In the last 6 months, FDA has inspected 180 supplement manufacturers, sent warning letters to distributors, and refused entry to 1171 foreign shipments of dietary supplements. It has also seized or supervised voluntary destruction of almost $18 million worth of mislabeled or adulterated products.
"We will continue to aggressively enforce DSHEA against unsafe or mislabeled products," Dr Crawford said.

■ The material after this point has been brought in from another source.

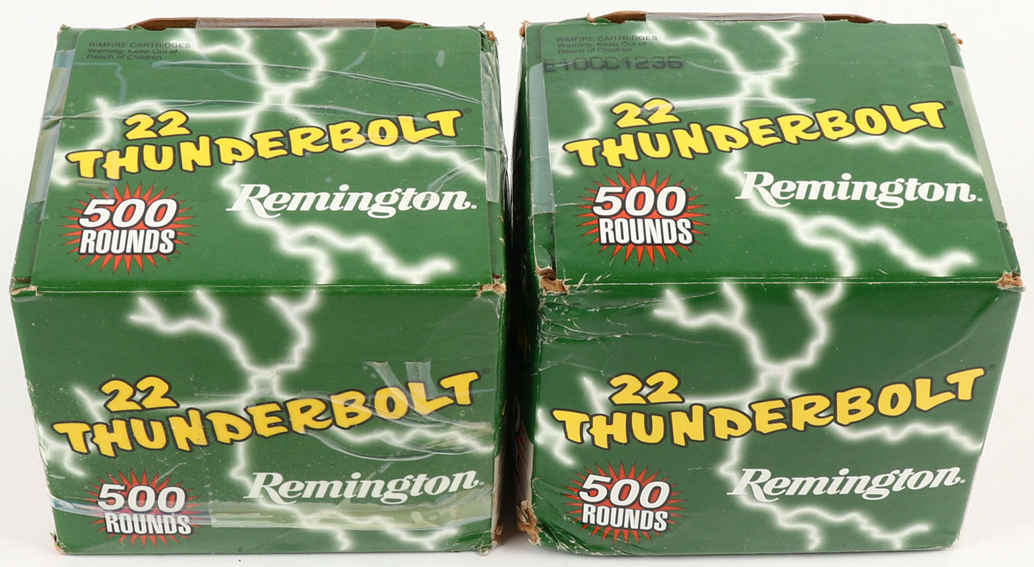 Remington, Lot of (2), Thunderbolt, .22 Long Rifle, High Velocity, Round Nose, both boxes FULL & SEALED, 500rds. (1,000rds. Total) 1pc. Green yellow & white bulk boxes, boxes are both covered in tape, some edge & corner wear. Grade: Very Good ++ - Value: 20 to 80

In March the FDA requested that 23 companies cease distributing dietary supplements containing androstenedione. These are marketed to stimulate testosterone and muscle growth but have anabolic steroid effects in the body.
Over the next several months FDA will provide additional information to explain and implement the tools available to the agency under DSHEA to act against unsafe supplements and false or misleading supplement labeling claims.
The FDA is also developing regulations for industry on good manufacturing practices (GMPs). When finalized, this rule, proposed last spring, will help protect consumers from dietary supplements that contain impurities or contaminants as a result of how they are manufactured or handled.
FDA is, in addition, putting dietary supplement labeling under closer scrutiny. Dietary supplement labels cannot claim the supplement will treat or cure a disease, and since December 2002 FDA has worked with the Federal Trade Commission to challenge false claims of supplement effectiveness for treating a range of diseases.
To support its consumer protection actions, the agency is developing approaches to systematically review the evidence about the safety of individual dietary supplements. The FDA expects to evaluate the available pharmacology, published literature, evidence-based reviews, and adverse event information.
When DSHEA was passed a decade ago, there were about 4000 supplements on the market, including vitamins, minerals, amino acids, and herbs and other botanicals. Congress determined that these products were more like foods than drugs, and that like foods dietary supplements should in general be given the benefit of the doubt as to safety.
A recent Institute of Medicine report, sponsored by FDA, estimated that American consumers spend $18 billion annually on dietary supplements. There are approximately 29,000 products currently avialable; another 1000 new products are introduced each year.